As a 13-year old girl my scoliosis journey was not easy. Instead, it was extremely difficult, both physically and emotionally. Sixteen hours or more of bracing every day impacted every aspect of my life including my relationships with friends, participation in sports, focusing in school, and eating and sleeping. Fortunately, thanks to a lot of effort and determination, and endless advise from Dr. Lonner and support from my family, I was able to avoid surgery and escape all bracing by September 2023.
That September day in 2023 when Dr. Lonner communicated to me that bracing was no longer required was one of the happiest days in my life. I remember saying to myself, I can l finally live a normal life. The pain is over!
So here is my scoliosis journey….
In 2019, at the recommendation of my primary care physician, I had my first appointment with a scoliosis doctor. From September of 2020 to January 2021, my thoracic and lumbar curves unfortunately increased from 18 to 29 degrees and 14 to 21 degrees, respectively. Most problematic was that the doctor feared my curves could materially worsen because the growth predictors indicated significantly more growth to come.
My father, who had also suffered from scoliosis, wanted other opinions and fortunately I ended up with Dr. Lonner. In order to address my increasing curves, including that I also now suffered from a kyphosis curve of 55 degrees, I had no choice but to begin bracing in March, 2021 for 16 hours per day plus daily scoliosis and kyphosis exercises. Sadly, bracing impacted three very important parts of my life: tennis; school; and, friends.
Tennis: Prior to scoliosis bracing, I played tennis tournaments two weekends per month around the United States. My body was free to compete and I loved every aspect of the sport. Training, fitness, and socializing with other tennis players were always fun. However, even though I would not brace while I played tennis or participated in fitness, it had a significant impact on my love for this sport. The brace caused stiffness in my back and made it extremely difficult to compete at the level I desired. It was very upsetting because I had placed so much effort into this sport and it seemed as if the sport was being taken away from me. Also, wearing the brace before and after matches, even though covered by clothes, impacted my desire to socialize with other tennis players. Being different from everyone else was not easy to accept. However, I never gave up and continued to play tournaments throughout my bracing. I eventually recognized that even though competing would be much more difficult, it was ok for me. I could still have fun. I just had to adjust. I just had to compete with the brace too.
School: Beginning in 7th grade, I had to wear my brace to school. My primary objective now was to figure out how to hide my brace from my school friends and other students. I never thought this could ever be my school objective. I thought school was more about learning and having fun with friends. Unfortunately, the brace took control as I spent hour after hour planning to find clothes that would hide my brace and protect me from my greatest fear – other students making fun of me because the brace made me different. The mornings before school were not fun as I would need time to convince myself that my clothes perfectly hid my brace.

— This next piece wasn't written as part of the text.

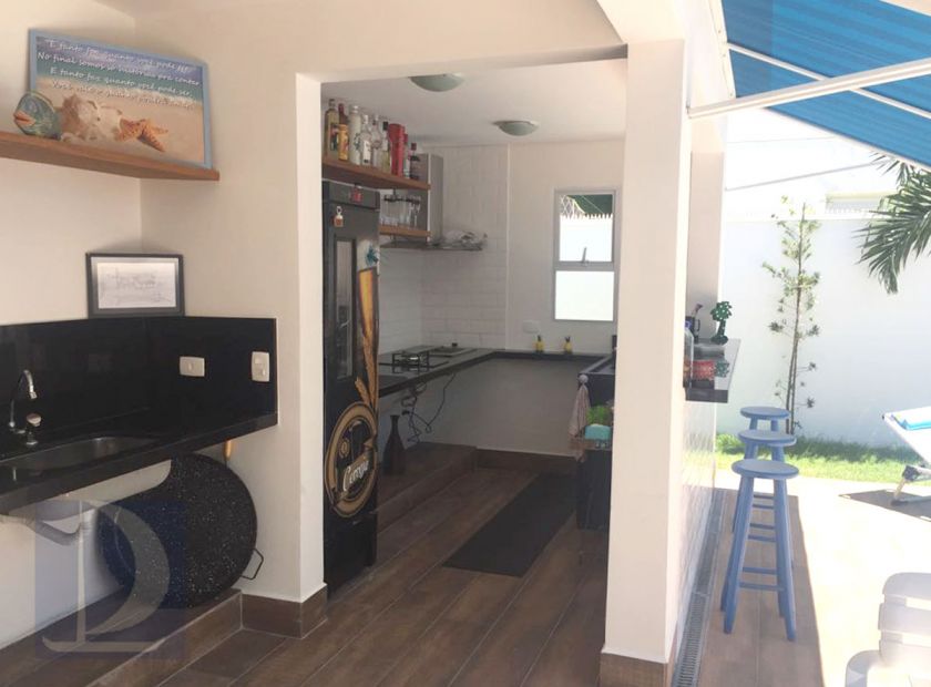 Possui 5 suítes, sala de estar, jantar Tv, varanda gourmet, piscina, cozinha americana, lavabo, dependência de empregada, churrasqueira e vaga para 4 autos.

I also had to adjust because simple things were no longer simple. For example, I would need assistance from the school nurse to put my brace back on after a restroom visit, simple transportation to school was no longer simple, the pressure on by body from the brace was always a distraction and made it more difficult to focus in class (something some teachers never understood), and eating lunch with my brace on was problematic as the brace would impact my eating habits. Fortunately, some of my closest friends were very supportive and over time my fears became less and less. I realized that school could still be fun! I realized it was ok to be different.
Friends: Bracing made it difficult to make new friends. Bracing was always a discussion that I did not want to have because it was unclear how other people would react. Initially, I was very shy around new people. However, over time, similar to tennis, I realized that it was just another element that I had to address head on and no longer wanted the brace to defeat me. I realized that other people really didn’t care that I had this brace attached to my body and were willing to engage me no different than any other person. Ultimately, I survived!
My overall message is that although bracing is not easy, it can be very helpful. I achieved my goal of escaping surgery, and my last 5 day out of brace curves in August, 2023 showed significant improvement. My curves finished at less than 10 degrees for thoracic, less than 20 degrees for lumbar, and a normal for kyphosis.